4. The compressed air type defrosting apparatus of claim 1, wherein: each air injection header is also respectively provided with a guide rail and a speed reducing motor, the guide rail is fixed on the bracket, and the air injection headers move along the guide rail under the driving of the speed reducing motor.

5. The compressed air type defrosting apparatus of claim 1, wherein: the compressed air type defrosting device is also provided with a stop valve, including but not limited to the following:

stop valves are arranged at the air inlet and the air outlet of the air compressor;

stop valves are arranged at the air inlet and the air outlet of the air storage tank;

a stop valve is arranged on the gas supply main pipe;

the air supply branch pipes connected with the air injection headers are respectively provided with a stop valve; or

And a stop valve is arranged at the air inlet of the air injection header.

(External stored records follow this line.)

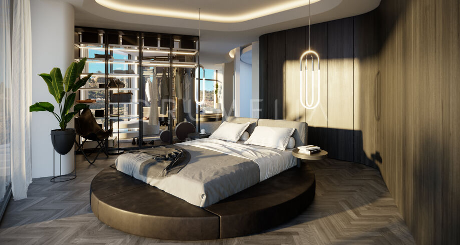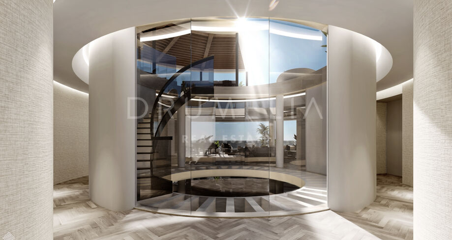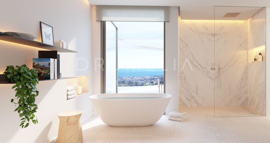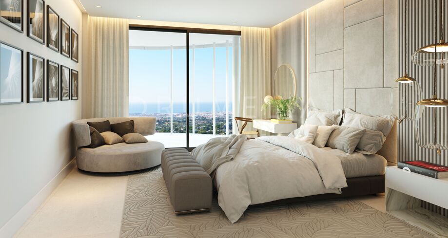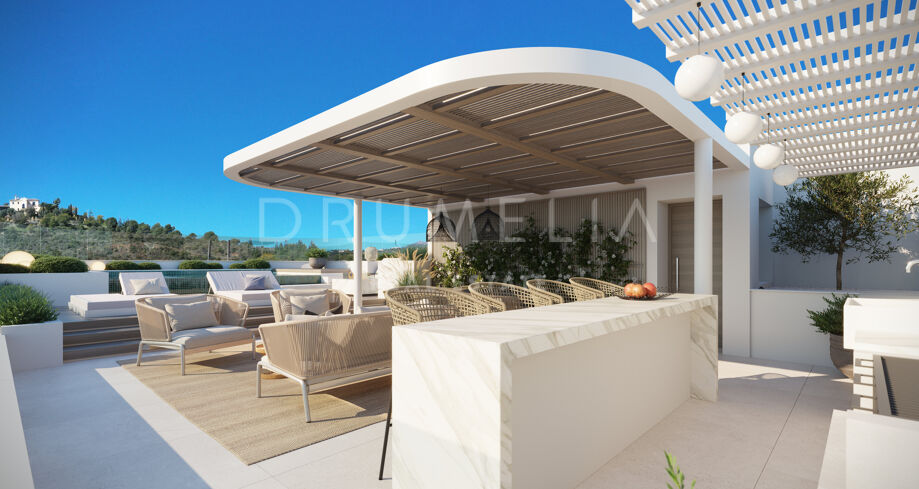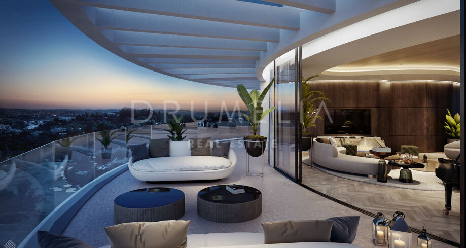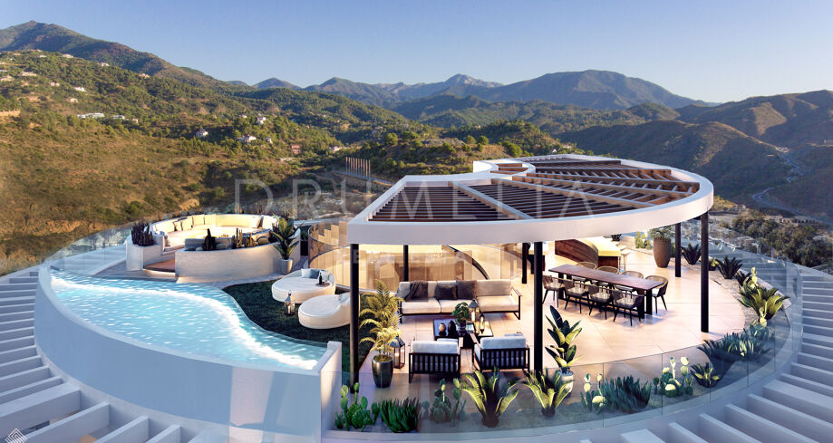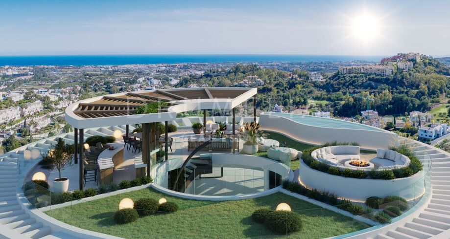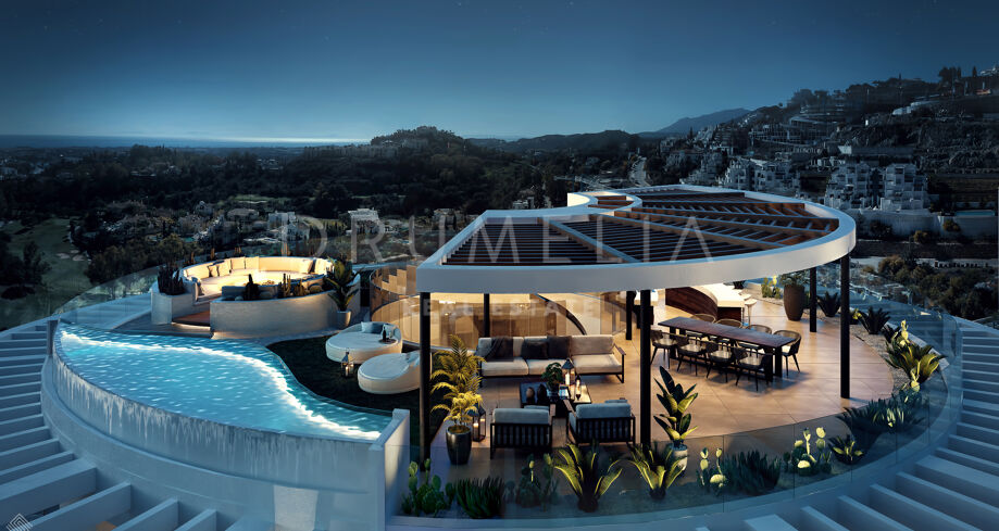 Dupleks toppleilighet til salgs i The View Marbella, Benahavis med 4 soverom, 4 baderom, 4 baderom med eget bad, 1 toalett, innebygd 2022 og har basseng (felles), garasje (felles) og hage (felles). Dimensjoner: 450m² bygget, 218m² interiør og 230m² terrasse.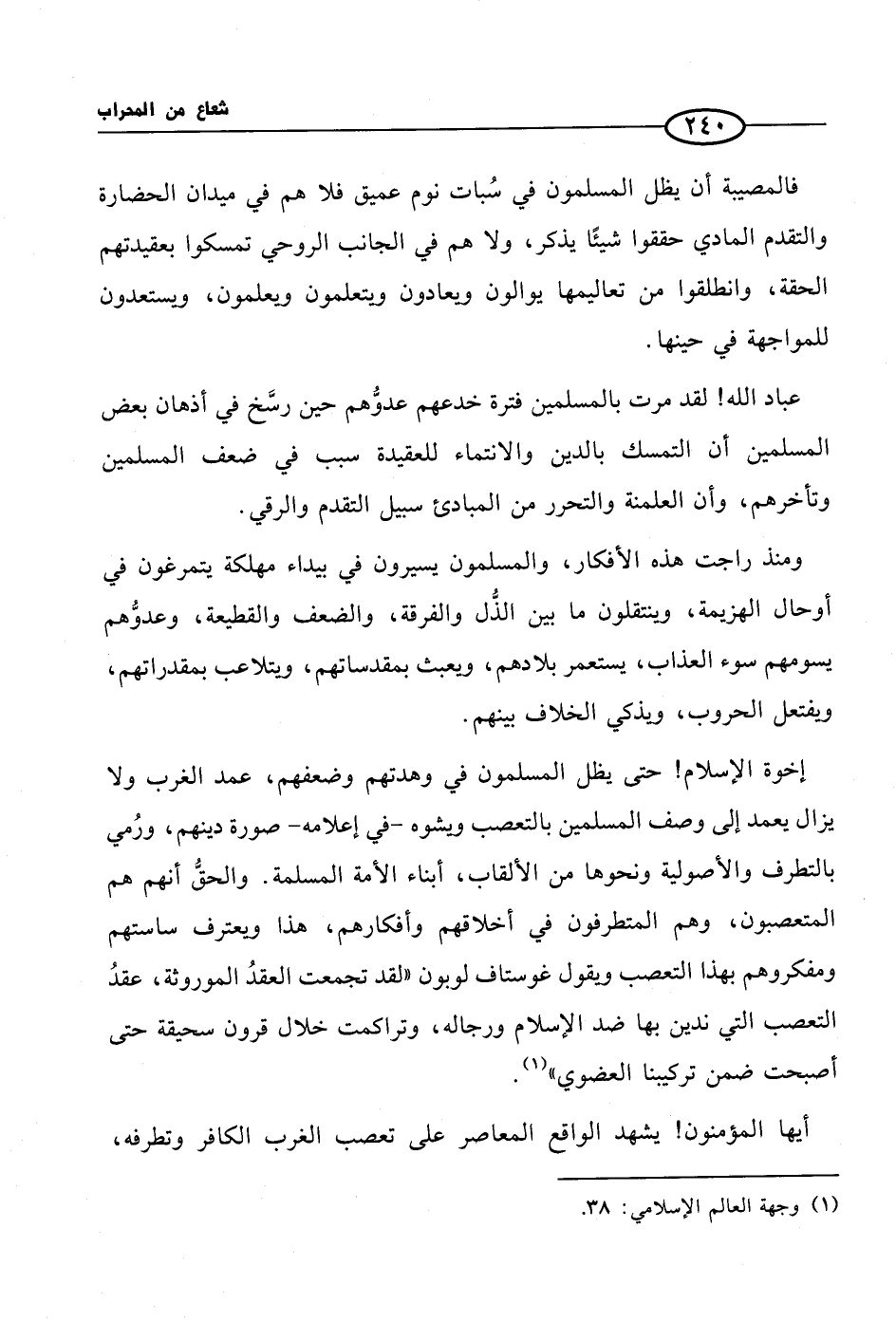 فالمصيبة أن يظل المسلمون في سُبات نوم عميق فلا هم في ميدان الحضارة والتقدم المادي حققوا شيئًا يذكر، ولا هم في الجانب الروحي تمسكوا بعقيدتهم الحقة، وانطلقوا من تعاليمها يوالون ويعادون ويتعلمون ويعلمون، ويستعدون للمواجهة في حينها.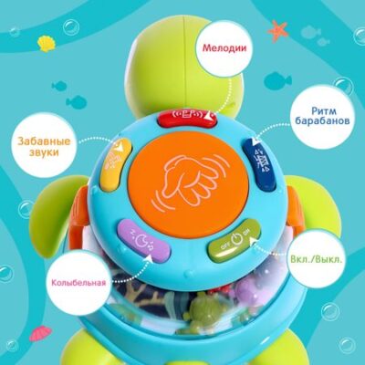 Музыкальная игрушка «Веселая черепаха», звук, свет. Музыкальная игрушка «Веселая черепашка» разработана специально для малышей от 12 месяцев. Она привлечет внимание трогательным дизайном и надолго займет малыша благодаря множеству полезных функций. <b> Особенности игрушки</b> <ul> <li> Воспроизводит мелодии, забавные звуки, ритм барабанов и колыбельную.</li> <li> Колыбельная мелодия оказывает успокаивающее действие на нервную систему малыша, помогает расслабиться и быстро заснуть.</li> <li> Черепашка умеет кататься под звуки и мелодии.</li> <li> Панцирь черепашки светится в темноте.</li> <li> Есть кнопка включения/выключения.</li> <li> Размер игрушки: 12,2 × 15 × 7,5 см.</li> <li> Для работы необходимы 2 батарейки типоразмера AAA. Батарейки входят в комплект.</li> </ul> <b> Чем полезны занятия с музыкальной игрушкой</b> Черепашка стимулирует развитие мелкой моторики, слухового восприятия и воображения.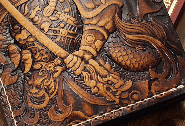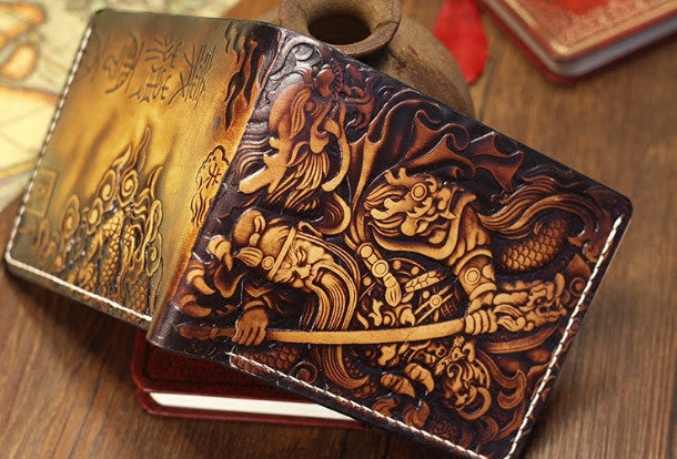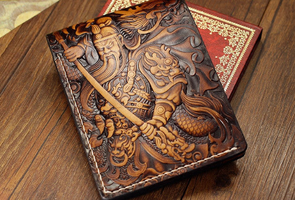 Handmade the-Three-Kingdoms_Guan-Yu carved leather custom billfold wallet for men gamers

6. The compressed air type defrosting apparatus of claim 1, wherein: the top of the gas storage tank is provided with a pressure gauge and a safety valve, and the bottom of the gas storage tank is provided with a drain valve.

7. The compressed air type defrosting apparatus of claim 1, wherein: the gas supply main pipe is also provided with an electromagnetic valve, and the electromagnetic valve is arranged at the position, close to the gas storage tank, of the upstream end of the gas supply main pipe.

8. The compressed air type defrosting apparatus of claim 7, wherein: be equipped with the stop valve on the air supply main, the stop valve sets up and is being close to solenoid valve department just is located the pipeline low reaches of solenoid valve.